### Supplied information
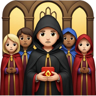 traitor tv show, person wearing dark green cloak with hood up who looks like claudia winkleman orange skin tone and thick black fringe emoji
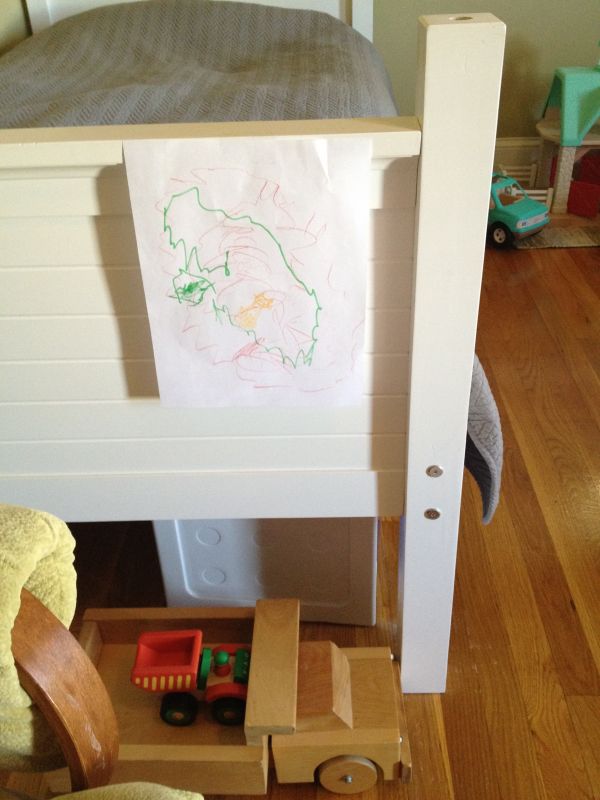 Альбом Jeremiah&Celeste. Фото "Это он написал "список Санте", чтобы ему подарили машины и грузовики:) Попросил ленту, приклеить на кровать. ДО всего этого додумался сам:) Наверное, под впечатлением мультфильмов:)" 58.8 k (600x800) IMG_9252.JPG
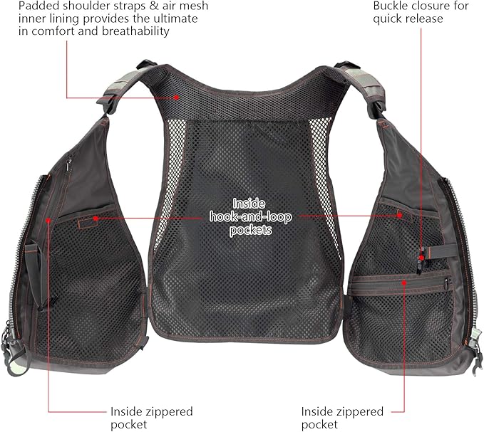 バックと肩部分に分厚いクッション材入り、肩の負担を大幅軽減します。ベストのバックと裏地はメッシュ素材を採用されて、通気性良い。
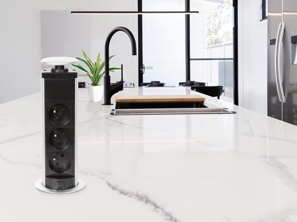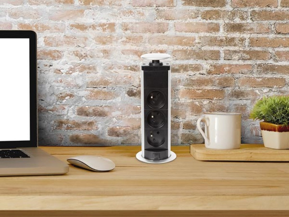 Ideal for kitchens, offices, and workshops, simply press to reveal the outlets, conveniently powering appliances or devices. The durable construction ensures safety and longevity, providing reliable energy access.

### Task prompt
Each line from the one containing "バックと肩部分に分厚いクッシ" through the last line of the data should be written out exactly. Skip the pictures, and add no other lines.

### Problem solution
 バックと肩部分に分厚いクッション材入り、肩の負担を大幅軽減します。ベストのバックと裏地はメッシュ素材を採用されて、通気性良い。
 Ideal for kitchens, offices, and workshops, simply press to reveal the outlets, conveniently powering appliances or devices. The durable construction ensures safety and longevity, providing reliable energy access.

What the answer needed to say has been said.